Ini bukan lagi soal apakah aku si anxious karena merasa perlu kepastian bahwa hubungan kita baik-baik saja sehingga selalu ingin menyelesaikan masalah saat itu juga. Kemudian bisa meledak ketika kamu tidak mau menyelesaikan masalah. Juga bukan apakah kamu si avoidant yang kerap merasa tidak nyaman ketika ada masalah dan lebih memilih tidak mau membahasnya sampai sering aku geret untuk duduk di sebelahku, menatap mataku, dan memaksamu untuk bicara.
Kamu selalu bilang, “Lebih baik aku diam karena kalau bicara aku pasti salah.”
Kamu juga sering memberikan solusi-solusi penyelesaian masalah yang tidak berkaitan sama sekali dengan masalah yang kita hadapi. Kamu melakukannya hanya agar masalah kita selesai walaupun solusinya tidak nyambung sama sekali.

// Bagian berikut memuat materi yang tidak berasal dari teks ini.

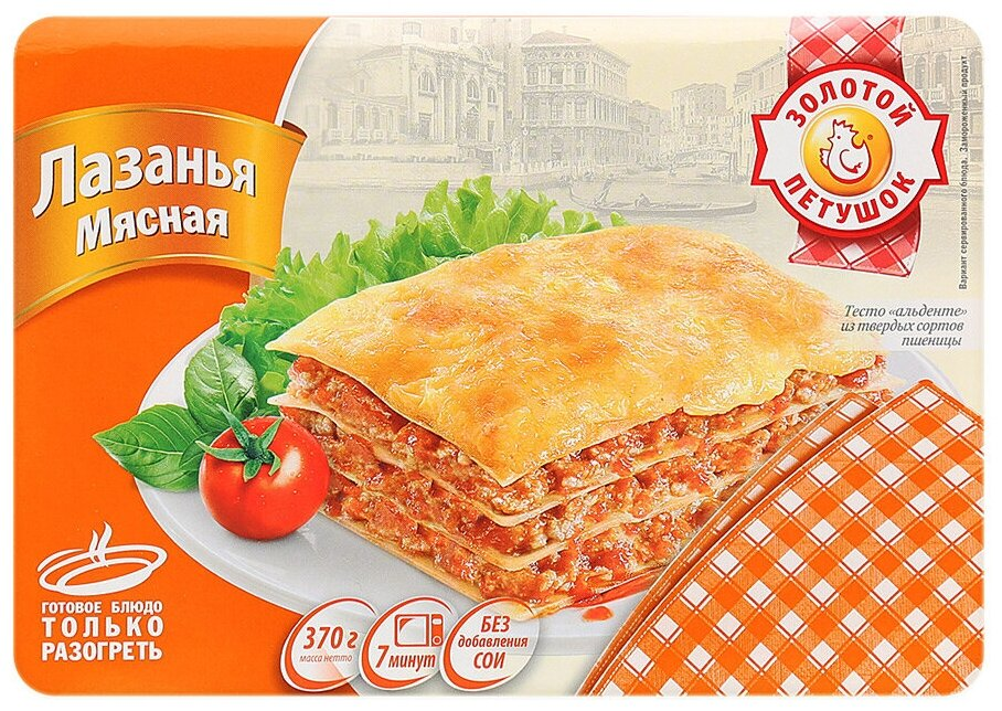Золотой петушок раскрывает для Вас секреты вкуса и национальное своеобразие кухонь мира, воплощая калейдоскоп кулинарных традиций в оригинальных блюдах. Оцените по достоинству вкус настоящей лазаньи.Блюдо кулинарное. Просто разогреть! Без сои.Особая система заморозки IQF - обеспечивает наилучшее качество продукта,сохраняя все его натуральные вещества, текстуру и форму. Тесто "альденте" из твердых сортов пшеницы.

Ketika hari ini aku ditampar kesadaran bahwa aku tidak mau lagi menjalani hubungan yang dilandasi atas ketidakpedulian, kamu kesulitan menerima fakta bahwa kamu punya andil besar dalam membiarkanku menjalani tanggung jawab dalam kesendirian. Kita membicarakan banyak hal seakan itu penting. Padahal itu tak lebih dari saling menyakiti karena kita saling meminta daripada saling memberi.
“Kamu udah sampai kayak gitu, ya, padahal cuma karena kurang perhatian,” katamu membuat aku mempertanyakan apakah meminta perhatian adalah sebuah kesalahan dan tidak mendapat kasih sayang adalah tanggung jawab.
“Aku itu capek kerja,” katamu dan menolak fakta bahwa pasanganmu bekerja di tiga tempat berbeda sambil mengasuh anak.
Kamu memilih untuk tidak mengerti apa yang aku rasakan yang tadinya membuatku mengutuk diri karena merasa berlebihan atas semua ini. Tetapi aku kemudian sadar bahwa ketidakmauan dan ketidakmampuanmu untuk mengerti justru jadi sebuah bukti bahwa sudah semestinya aku pergi.
Pada sebuah malam di taman kecil kedai kopi di Cilandak Barat, aku mengisap Djarum Super entah berapa banyak padahal aku bukan perokok aktif. Bertindak tolol ketika hidup kacau balau memang selalu jadi ide yang bagus. Aku ditemani temanku bernama Gerardine yang juga sedang dikerjain Mercury Retrogade dan Full Moon Aquarius. Kami bertemu karena sadar saling butuh pelukan yang erat karena menghadapi laki-laki avoidant dan menyadari kenyataan bahwa kami sebetulnya sekadar manusia-manusia kesepian.
Malam itu cukup menyadarkanku bahwa selama ini aku sudah cukup berjuang maka kini waktunya berserah. Pada kemungkinan terburuk sekalipun, let go, let God.
Tuhan barangkali tahu kapan waktu paling tepat menolongku. Pada keprasahan kita saling memeluk dan kamu mengucapkan kata ‘maaf’ dan aku hanya tidak berhenti menangis. “Aku nggak tahu kenapa sulit untuk bilang maaf,” katamu.
Aku tidak tahu bagaimana hidup akan membawaku selanjutnya, tetapi aku berterima kasih pada Tuhan yang mengizinkan semua ini terjadi. Setidaknya aku sadar bahwa aku bukan buru-buru menikah, tetapi kita hanya menikah saat sama-sama tidak sanggup dewasa. Setidaknya hari ini kita belajar lagi apa artinya mencintai sebagai orang dewasa.